Numerosas son las imágenes olfativas extraídas del Cantar de los Cantares, poema oriental donde los perfumes ocupan un lugar relevante y donde uno de los versículos bíblicos más comentados por Francisco de Sales es el grito afligido de la esposa: “Atráeme a ti, caminaremos y correremos juntos en la estela de tus perfumes”. Y cuán refinada es esta anotación: “El suave perfume de la rosa se hace más sutil por la cercanía del ajo plantado cerca de los rosales!”.
No confundamos, sin embargo, el sagrado bálsamo con los perfumes de este mundo. Existe, de hecho, un olfato espiritual, que debería ser de nuestro interés cultivar. Este nos permite percibir la presencia espiritual del sujeto amado, y además hace que no nos dejemos distraer por los malos olores del prójimo. El modelo es el padre que recibe con los brazos abiertos al hijo pródigo que regresa a él “semi desnudo, sucio, mugriento y apestoso de inmundicias por la larga costumbre con los cerdos”. Otra imagen realista aparece en referencia a ciertas críticas mundanas: no nos sorprendamos, recomienda Francisco de Sales a Juana de Chantal, es necesario “que el poco ungüento del que disponemos parezca apestoso a las narices del mundo”.
A propósito del gusto, ciertas observaciones del obispo de Ginebra podrían hacernos pensar que era un goloso nato, más bien un educador del gusto: “¿Quién no sabe que la dulzura de la miel se une cada vez más a nuestro sentido del gusto con un progreso continuo de sabor, cuando, manteniéndola largo tiempo en la boca, en lugar de tragarla de inmediato, su sabor penetra más a fondo en nuestro sentido del gusto?”. Admitida la dulzura de la miel, es necesario, sin embargo, apreciar más la sal, por el hecho de que es de uso más común. En nombre de la sobriedad y la templanza, Francisco de Sales recomendaba saber renunciar al gusto personal, comiendo lo que se “nos pone delante”.
Finalmente, en lo que respecta al tacto, Francisco de Sales habla sobre todo en un sentido espiritual y místico. Así recomienda tocar a Nuestro Señor crucificado: la cabeza, las santas manos, el precioso cuerpo, el corazón. Al joven que está a punto de lanzarse en el vasto mar del mundo le exige que se gobierne enérgicamente y desprecie las blanduras, los deleites corporales y las delicadezas: “Me gustaría que a veces trataras duramente a tu cuerpo para que sienta alguna aspereza y dureza, despreciando delicadezas y cosas agradables a los sentidos; porque es necesario que a veces la razón ejerza su superioridad y la autoridad que tiene para regular los apetitos sensuales”.

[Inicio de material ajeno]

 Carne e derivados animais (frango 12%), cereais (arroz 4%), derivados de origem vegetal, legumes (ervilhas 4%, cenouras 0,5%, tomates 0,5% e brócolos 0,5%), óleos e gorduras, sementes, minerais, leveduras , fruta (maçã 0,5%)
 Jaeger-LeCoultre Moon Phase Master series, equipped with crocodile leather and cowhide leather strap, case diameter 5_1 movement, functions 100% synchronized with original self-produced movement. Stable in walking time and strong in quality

El cuerpo y la vida espiritual
También el cuerpo está llamado a participar en la vida espiritual que se expresa en primer lugar en la oración: “Es cierto, la esencia de la oración está en el alma, pero la voz, los gestos y otros signos exteriores, mediante los cuales se revela lo íntimo de los corazones, son nobles atributos y propiedades utilísimas de la oración; son efectos y operaciones. El alma no se contenta con orar si el hombre en su totalidad no ora; ella ora junto con los ojos, las manos, las rodillas”.
Él añade que “el alma postrada ante Dios hace inclinar fácilmente sobre sí todo el cuerpo; levanta los ojos donde eleva el corazón, alza las manos allí, de donde espera un auxilio”. Francisco de Sales explica también que “orar en espíritu y en verdad es orar con gusto y afecto, sin fingimiento ni hipocresía, y comprometiendo, además, al hombre entero, alma y cuerpo, para que lo que Dios ha unido no sea separado”. “Es necesario que todo el hombre ore”, repite a las visitandinas. Pero la mejor oración es la de Filotea, cuando decide consagrar a Dios no solo el alma, su espíritu y su corazón, sino también su “cuerpo con todos sus sentidos”; así es como lo amará y servirá verdaderamente con todo su ser.